転生者×タイムトラベラー!? トリッキーな設定に見えて真摯に「人生」と向き合う、良質なSF漫画『雪と墨』

転生者×タイムトラベラー!? トリッキーな設定に見えて真摯に「人生」と向き合う、良質なSF漫画『雪と墨』

 「雪と墨」とは、真っ白な雪と真っ黒な墨のように、二つの物事が正反対であること、違いが大きすぎて比較にもならないことのたとえである。今回はそんなタイトルがつけられた漫画の魅力をお伝えしたい。

 36歳の常盤(ときわ)と、そのイトコで同居人でもある24歳の浅葱(あさぎ)。2人には、誰に言っても信じてもらえないだろう、秘密があった。

 常盤にとって36歳の誕生日。酒に酔った常磐は、涙をこぼしながら浅葱に「前世と現世を合わせた4回分のすべての記憶がある」、つまり”転生者”であることを打ち明ける。それに対して、浅葱は、ケロッとした顔で「実は俺の正体…タイムトラベラーなんですよ…!!」と一言。その反応に、常磐は「信じてもらえなかった――」と手を震わせるが、その裏で浅葱は「…口が滑った…」と頭を抱えていて――。

 前世の記憶がある転生者に、タイムトラベラー。

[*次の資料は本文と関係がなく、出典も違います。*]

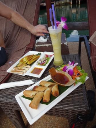 paar leckere Frühlingslollen, Chicken-Satee und Pineapple-Shake.... Urlaub...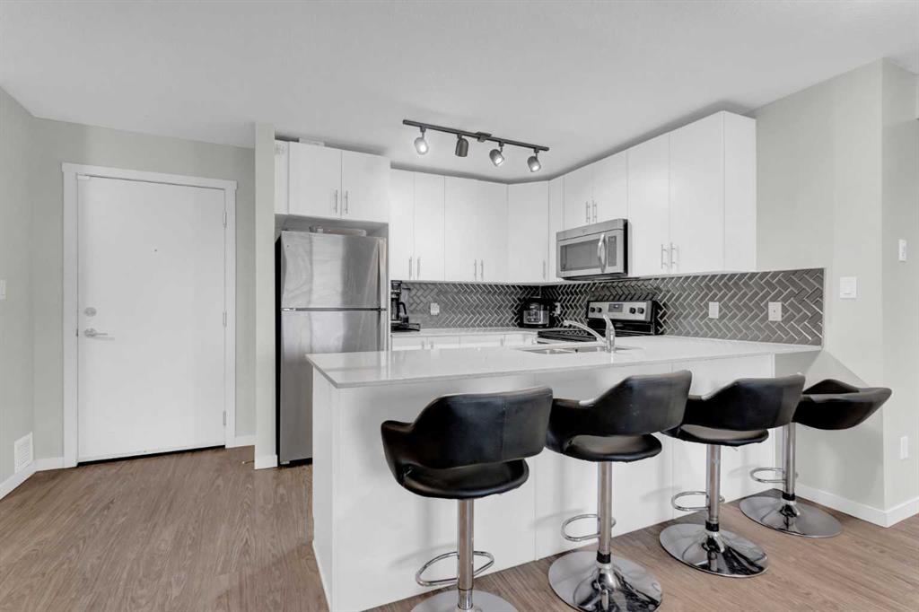 TOP FLOOR | CORNER UNIT | 2 BEDROOMS | TITLED UNDERGROUND PARKING! Welcome to this stunning top-floor corner unit in the highly desirable McCall Landing community of Skyview Ranch! Thoughtfully designed with a bright, open layout, this home blends modern style with exceptional functionality. The spacious living area is flooded with natural light from large windows and opens onto a private balcony perfect for relaxing or enjoying your morning coffee. A designated dining area comfortably fits a 6-piece dining set, offering a true home-style layout rarely found in condo living. The upgraded kitchen features quartz countertops, sleek tile backsplash, contemporary cabinetry, and stainless steel appliances, making it an ideal space for cooking and entertaining. Durable vinyl plank flooring runs throughout the main areas, while plush carpet in the living room and bedrooms adds warmth and comfort. Enjoy the convenience of in-suite laundry with side by side washer and dryer, generous storage, and a titled underground parking stall, ensuring comfort and security year-round. As a resident of McCall Landing, you’ll have access to an impressive array of amenities, including a fully equipped fitness centre, recreation/party room, bike storage, and a vibrant community centre with an outdoor picnic area and dog run, perfect for pet owners (pets allowed with board approval). This well-managed, pet-friendly complex offers unmatched value, comfort, and community. Experience modern living in Skyview Ranch and make this beautiful condo your next home!

この展開に筆者は単純にわくわくし、「ジャンルを超えた最強タッグが生まれてしまった」と興奮したものだが、しかし実際に読み進めてみると、この作品そんなに単純なものではなかった。

過去生の記憶が残る転生者、常盤

 前世は短命で、この歳になるほど長く生きたことがないという常盤。筆者も今年で36歳、常盤と同じ歳だが、自分自身のことで言えば、「長く生きた」という感覚はまるでなく、同年代の友人たちも「気づけばこの年になっていた」という感覚の人が多い。過去生の記憶を背負いながら転生を繰り返してきた、常磐の「人生」や「時間」に対する感覚は、常人とは違う。もっといえば、過去生の記憶は重荷になっているようだ。

 前世の記憶が現世で蘇るのは、前世で命を落とした年齢になった時だという。「神様は自分になんの恨みがあってこんな魂にしたのかまったくわからないけれど きっとこれは何かの罰なのだろうーー」という常盤の言葉が胸に迫る。過去生を思い出すということは、思い残しや死の苦しみを繰り返し体験することであり、それは耐え難い苦痛のようだ。不遇だった前世の知識や経験を活かし、大成功を収める――という「転生者」とはまったく違っている。

 過去生の記憶に縛られるのが嫌で、振り回されたくない。自分の人生だと歩み始めた、今世の常盤。そこにさらなる不幸が重なり、「――もういいかな」と打ちのめされていた。それが2か月後、先ほどの同居人への告白につながったのだった。